Retype only the lines below from the one with "κ°λ¨ν μΈν μ°μ΅μ΄κΈ°" to the one with "ما از کاهی که", inclusive, skipping every image.

Material provided below:

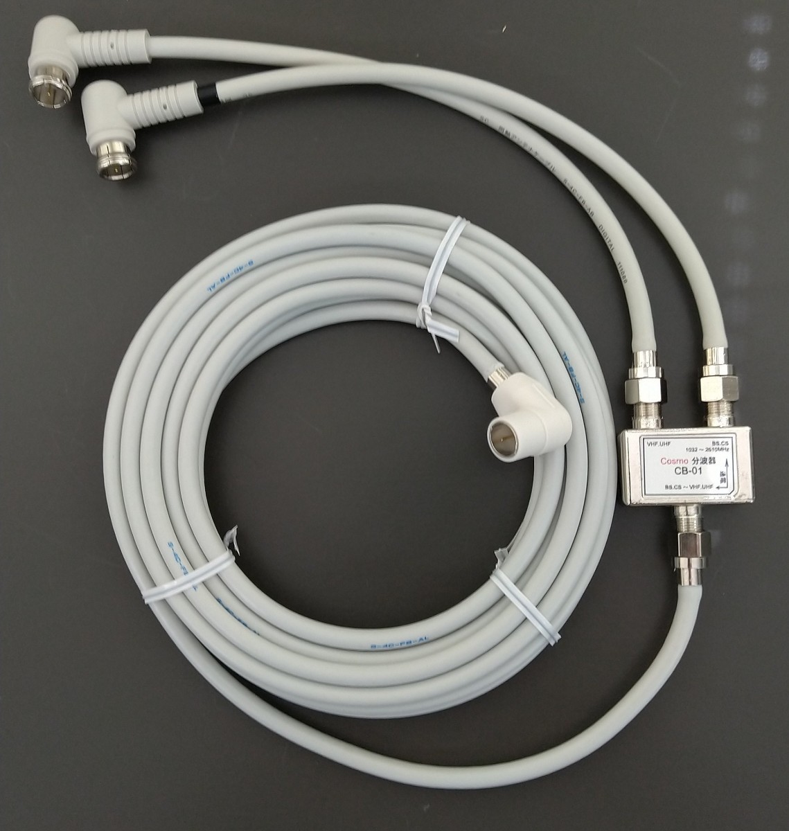 アンテナ分波器 全長5m 送料こみ込み!入力ケーブルL型プッシュ、出力ケーブルプッシュ接栓付 S4C-FB 薄灰色 メール便ご利用で!日本全国どこでも!!CB2PLS-5L
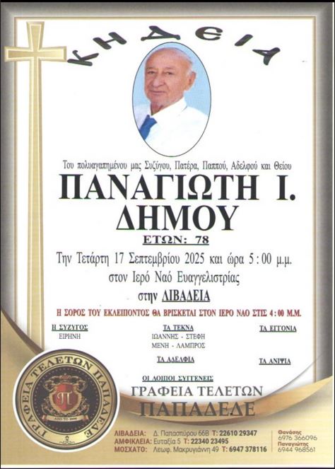 Η εξόδιος ακολουθία θα τελεστεί σήμερα, Τρίτη 17 Σεπτεμβρίου, στις 5:00 μ.μ., στον Ιερό Ναό Ευαγγελιστρίας στη Λιβαδειά, όπου συγγενείς, φίλοι και συμπολίτες θα του απευθύνουν το τελευταίο αντίο.
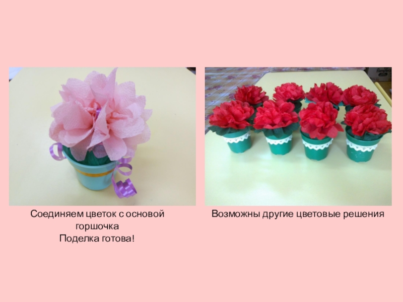 Обматываем сетку гофрированной бумагой и вставляем в горшочек
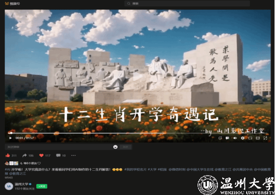 从温大广电出来的周洲淇,也想将自己的热爱继续分享下去。于是他找到了广电的台长,阐述了他的合作想法。通过ai视频的合作方式,共同创作出优质的视频,为温大宣传出一份绵薄之力。开学季,他们正式合作的第一个作品《十二生肖开学奇遇记》应运而生。令人欣喜的它刊登上了温大迎新推文的首页,让他们受宠若惊。同时也感受到深深的自豪——它证明了他们的aimv技术得到了学校的认可。看着诸多家长在视频号评论区的留言,他们感到充实和幸福。当然,一定要感谢谷雨院长和郑晓丽老师在他们创作期间的鼎力支持,两位亦师亦友的老师在视频制作和商业化逻辑中给了他们非常巨大的帮助,多次帮助他们调整方向,重振旗鼓。感谢谷雨院长和郑晓丽老师,他们给整个团队的尊尊教诲和鼓励,是团队坚持在这个赛道上最大的动力。
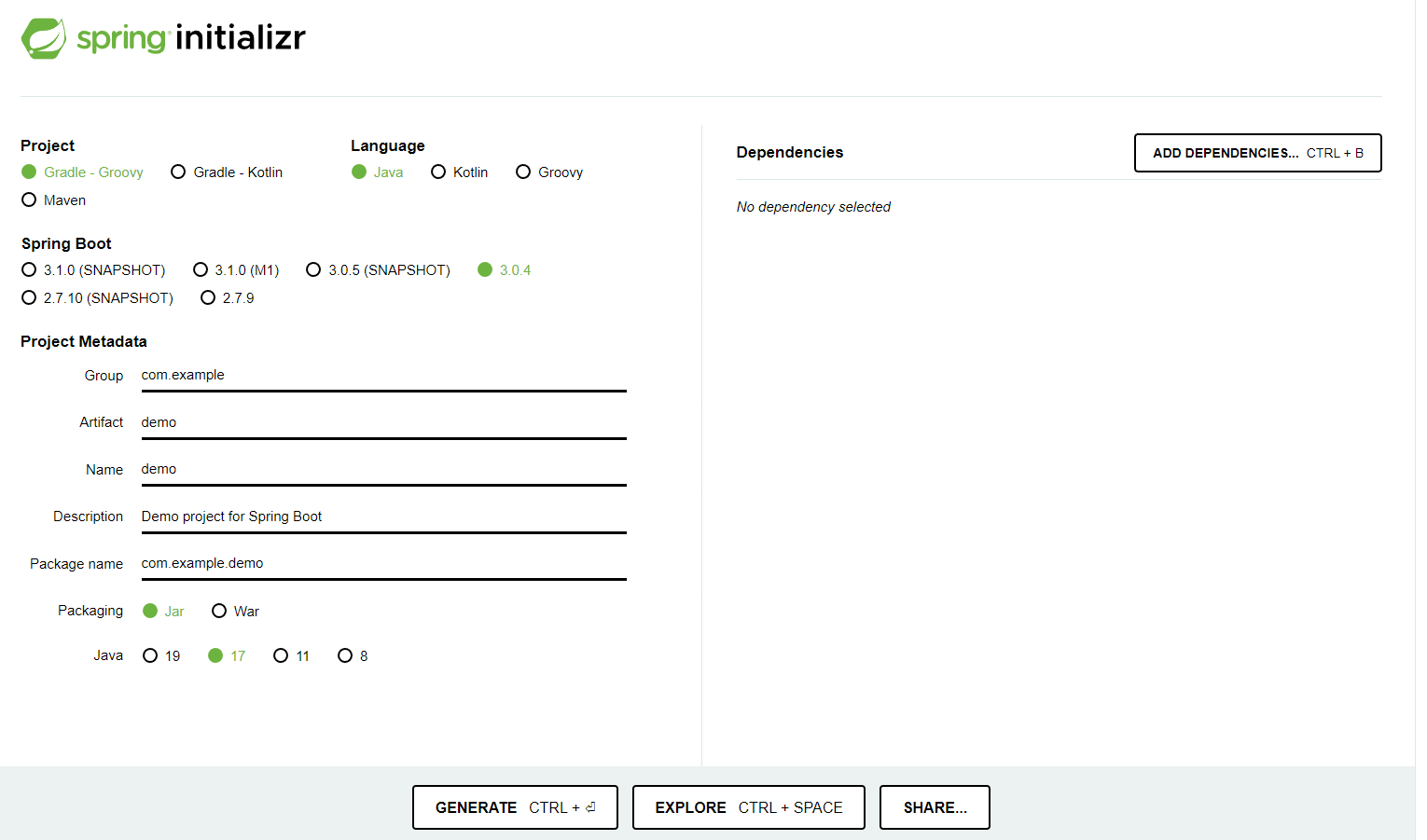 κ°λ¨ν μΈν μ°μ΅μ΄κΈ° λλ¬Έμ Spring Web, Thymeleafλ₯Ό μ ννμμ΅λλ€.
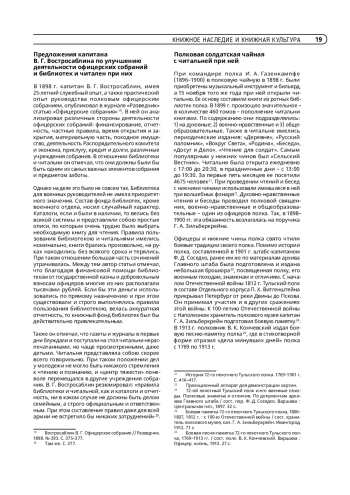 Ключевые фразы: культурология, офицерская библиотека, правила библиотеки, культурная традиция, полковая история, КНИЖНАЯ КУЛЬТУРА, история военно-библиотечного дела
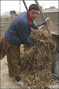 ما از کاهی که بدست می آوريم هم برای سوخت و هم برای غذای دامهايمان استفاده می کنيم.
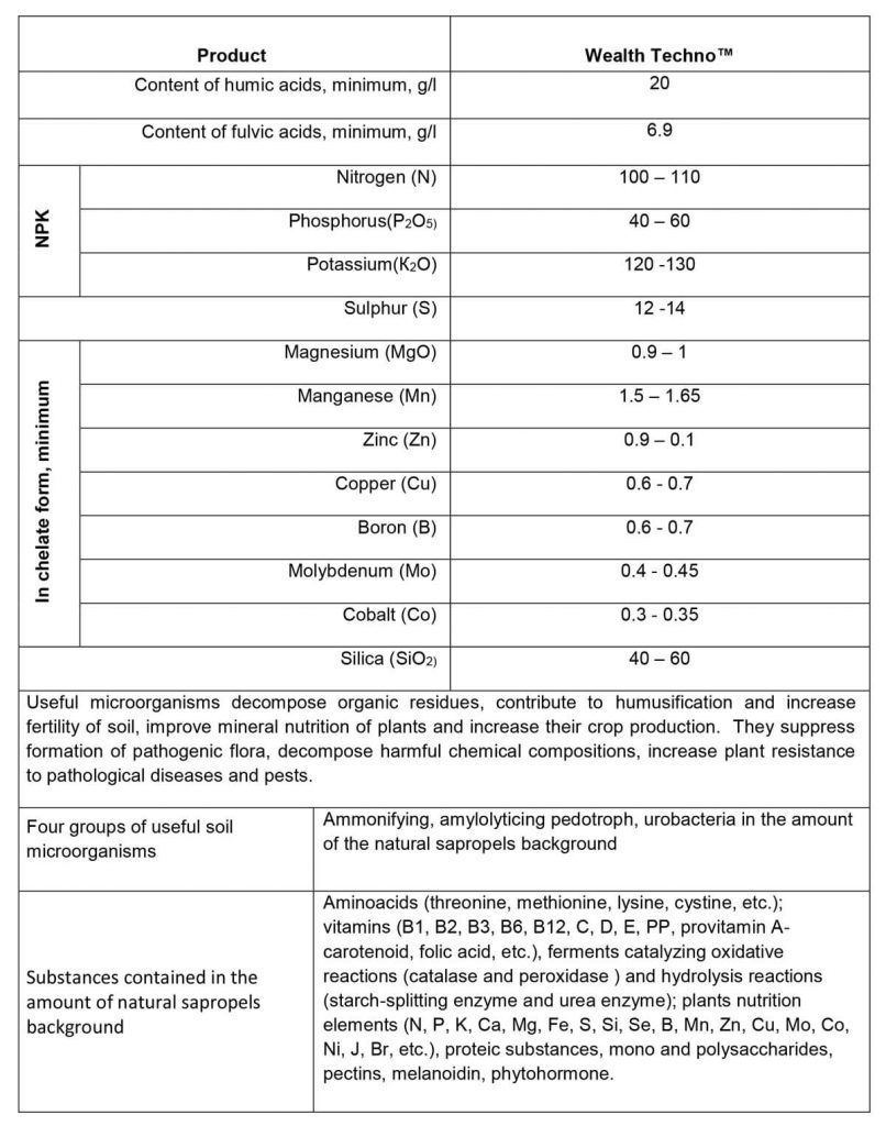 Wealth PGP is used for nourishing agriculture crops and plants both in enclosed and open soils. In agriculture production PGP “Wealth” brands are used to stimulate plant growth and development, to increase crop yield, to improve plant resistance to pathological diseases and pests, adverse climate conditions (droughts, ground frost, etc), to reduce harmful effects of pesticides on plants and soil (used in composed of one tank mixture), reduction (of 30% minimum) of mineral fertilizers distribution rate. Application of “wealth” leads to improvement of taste and nutritional value of products and an increase in their storage time. While tiling the soil using “wealth” IT is enriched with humates, useful soil bacteria, macro and microelements. The fertilizer is extremely economic (distribution rate for top dressing amounts to 200 ml/Acre) and increases crop production up to 50%-80%.
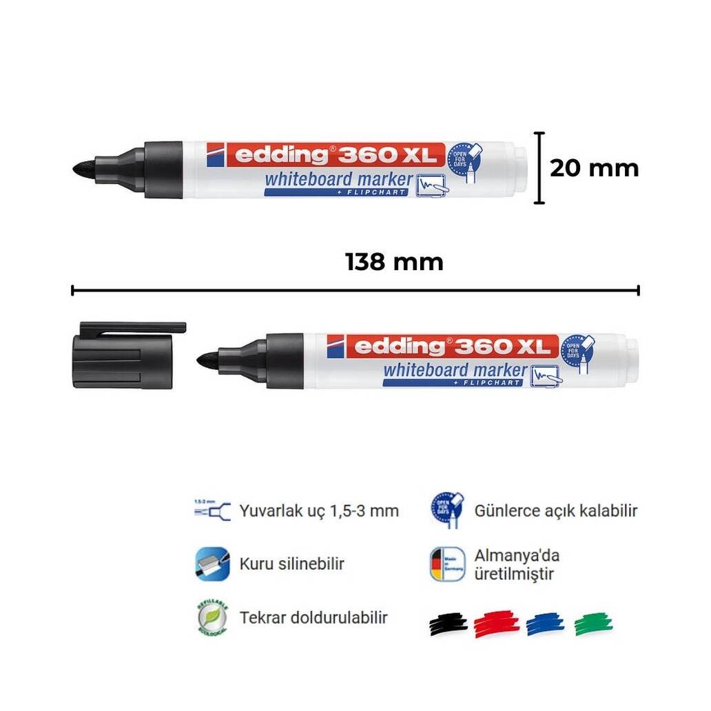 Edding E-360 XL, düşük kokulu, özel formüle edilmiş su bazlı mürekkep ile geliştirilmiştir. Beyaz tahtalarda yüksek kontrastlı yazım sunar. Siyah renk, hem uzaktan net görülebilir hem de profesyonel sunumlarda güçlü bir etki bırakır. 1.5-3 mm kalınlığındaki uç, kullanıcıya esneklik sağlar; ince detaylar ve kalın yazılar aynı kalemle yazılabilir. Cap-Off teknolojisi, yoğun kullanımlarda bile kalemin güvenilirliğini artırır.
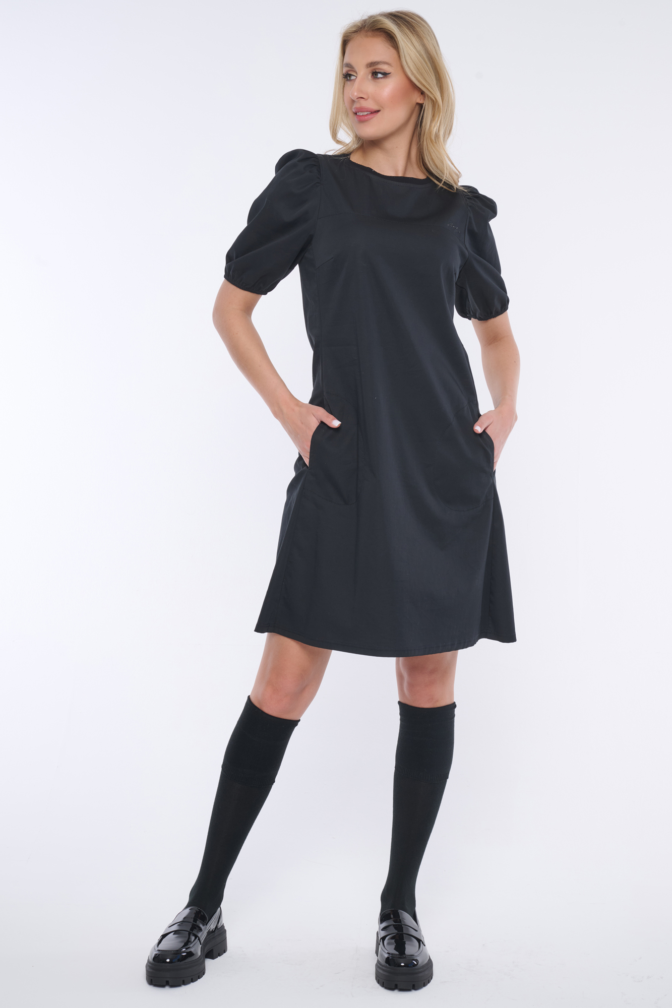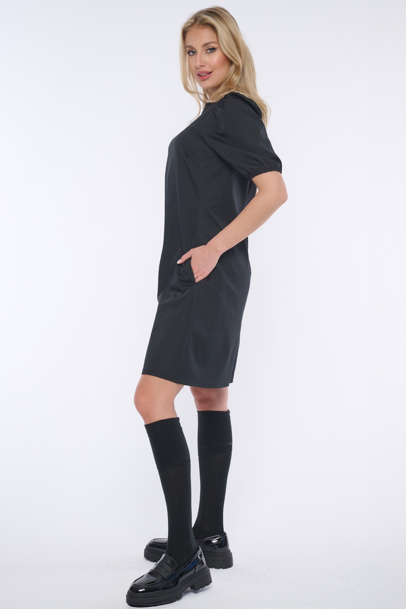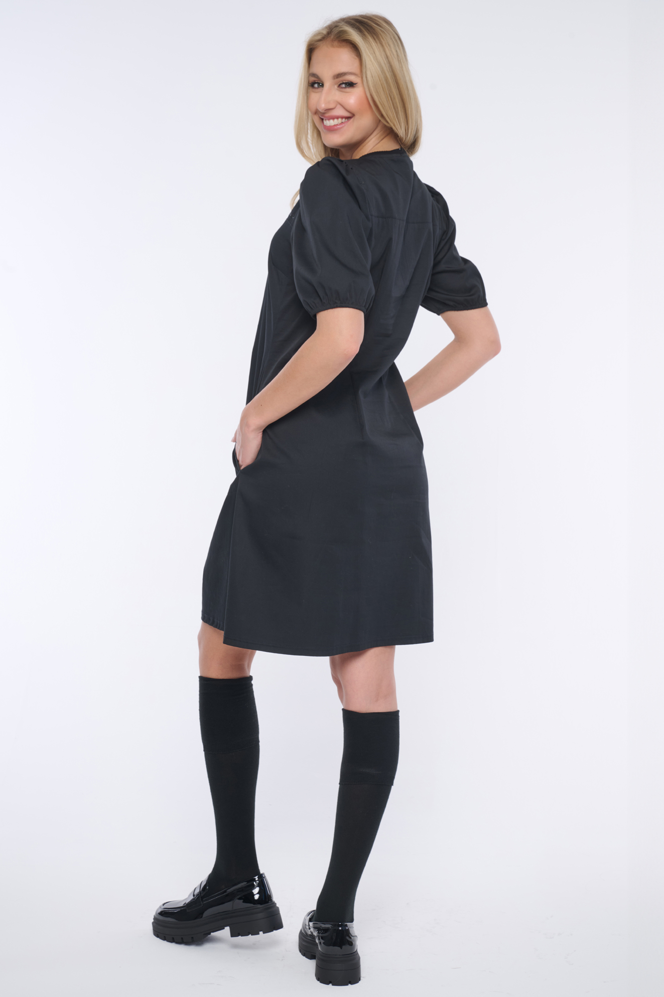 Elegantní šaty s balónkovými rukávky. Nebojte se tohoto střihu, rozhodně opticky nezvětšuje ramena. Minimalistické logo INF z černých krystalů Preciosa.

End of Material provided.

_Exercise output_:
 κ°λ¨ν μΈν μ°μ΅μ΄κΈ° λλ¬Έμ Spring Web, Thymeleafλ₯Ό μ ννμμ΅λλ€.
 Ключевые фразы: культурология, офицерская библиотека, правила библиотеки, культурная традиция, полковая история, КНИЖНАЯ КУЛЬТУРА, история военно-библиотечного дела
 ما از کاهی که بدست می آوريم هم برای سوخت و هم برای غذای دامهايمان استفاده می کنيم.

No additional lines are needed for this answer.